Domain-Specific Data Synthesis for LLMs via Minimal Sufficient Representation Learning
基于最小充分表示学习的大语言模型领域特定数据合成
Tong Ye, Hang Yu, Tengfei Ma, Xuhong Zhang, Jianguo Li, Peng Di, Peiyu Liu, Jianwei Yin, Wenhai Wang
AI总结 提出DOMINO框架,通过对比解耦学习最小充分领域表示,指导生成领域对齐的合成数据,在隐式领域定义下提升微调性能。
详情
- Comments
- Accepted by KDD 2026
大语言模型在通用能力上取得了显著进展,并可通过在领域特定数据上微调在特定领域实现强性能。然而,获取目标领域的高质量数据仍是一个重大挑战。现有数据合成方法遵循演绎范式,严重依赖自然语言表达的显式领域描述和精心设计的提示工程,限制了其在领域难以描述或正式表述的现实场景中的适用性。在这项工作中,我们通过归纳范式处理未被充分探索的领域特定数据合成问题,其中目标领域仅通过一组参考示例定义,特别是在领域特征难以用自然语言表述时。我们提出了一种新颖框架DOMINO,它从参考样本中学习最小充分的领域表示,并利用它来指导生成领域对齐的合成数据。DOMINO将提示调优与对比解耦目标相结合,以分离领域级模式与样本特定噪声,在保留核心领域特征的同时缓解过拟合。理论上,我们证明DOMINO扩展了合成数据分布的支持集,确保了更大的多样性。在隐式领域定义的具有挑战性的编码基准上,对DOMINO合成的数据进行微调,在强大的指令调优基线上将Pass@1准确率提高了高达4.63%,证明了其有效性和鲁棒性。这项工作为领域特定数据合成建立了一种新范式,无需手动提示设计或自然语言领域规范即可实现实用且可扩展的领域适应。

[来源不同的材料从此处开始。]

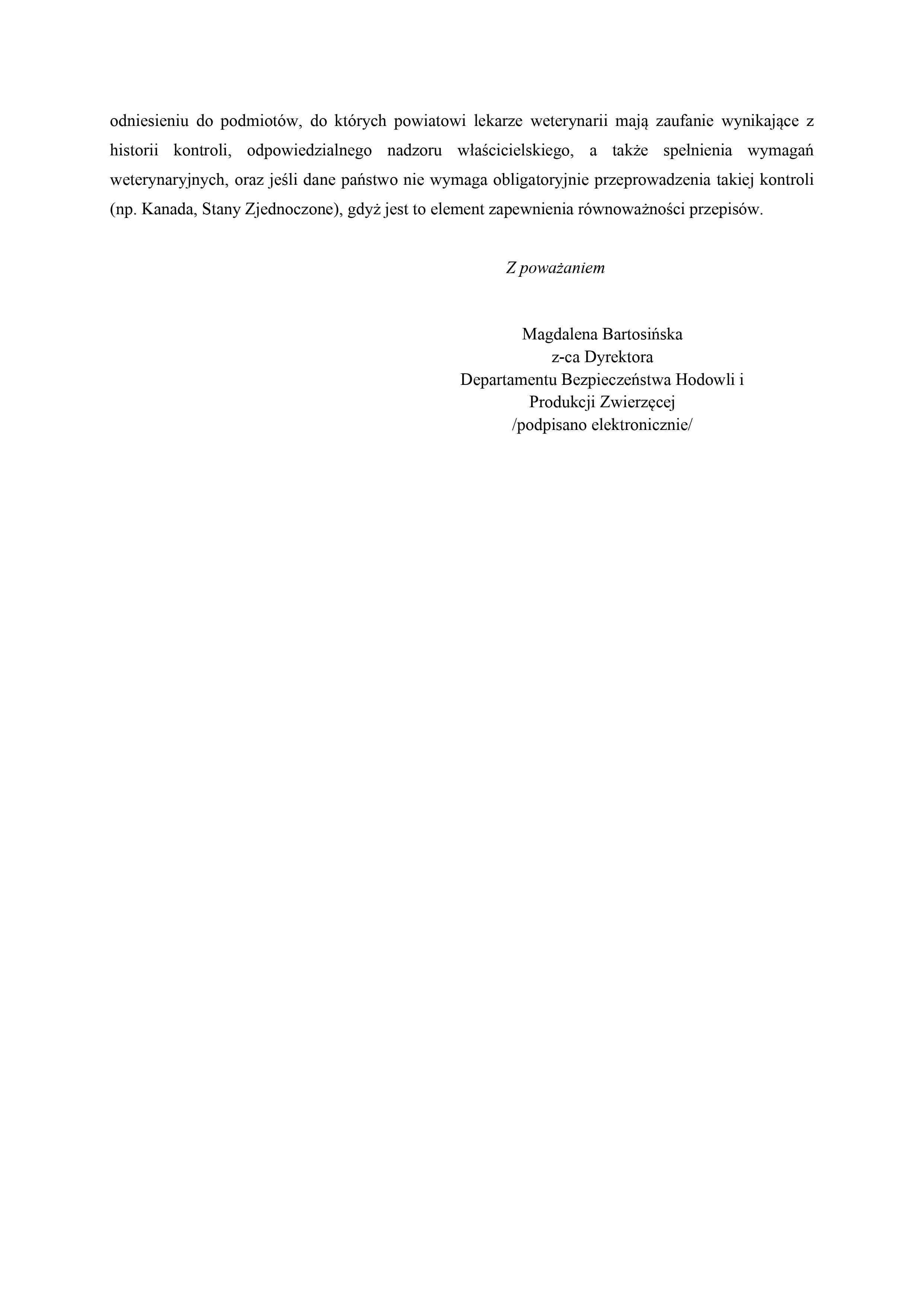 Odpowiedź MRiRW na pismo Polskiej Izby Mleka dot. o zaprzestaniz wszelkich kontroli zakładów przetwórczych mleka w związku z wystąpieniem w Polsce COVID-19,

Large Language Models have demonstrated remarkable progress in general-purpose capabilities and can achieve strong performance in specific domains through fine-tuning on domain-specific data. However, acquiring high-quality data for target domains remains a significant challenge. Existing data synthesis approaches follow a deductive paradigm, heavily relying on explicit domain descriptions expressed in natural language and careful prompt engineering, limiting their applicability in real-world scenarios where domains are difficult to describe or formally articulate. In this work, we tackle the underexplored problem of domain-specific data synthesis through an inductive paradigm, where the target domain is defined only through a set of reference examples, particularly when domain characteristics are difficult to articulate in natural language. We propose a novel framework, DOMINO, that learns a minimal sufficient domain representation from reference samples and leverages it to guide the generation of domain-aligned synthetic data. DOMINO integrates prompt tuning with a contrastive disentanglement objective to separate domain-level patterns from sample-specific noise, mitigating overfitting while preserving core domain characteristics. Theoretically, we prove that DOMINO expands the support of the synthetic data distribution, ensuring greater diversity. Empirically, on challenging coding benchmarks where domain definitions are implicit, fine-tuning on data synthesized by DOMINO improves Pass@1 accuracy by up to 4.63\% over strong, instruction-tuned backbones, demonstrating its effectiveness and robustness. This work establishes a new paradigm for domain-specific data synthesis, enabling practical and scalable domain adaptation without manual prompt design or natural language domain specifications.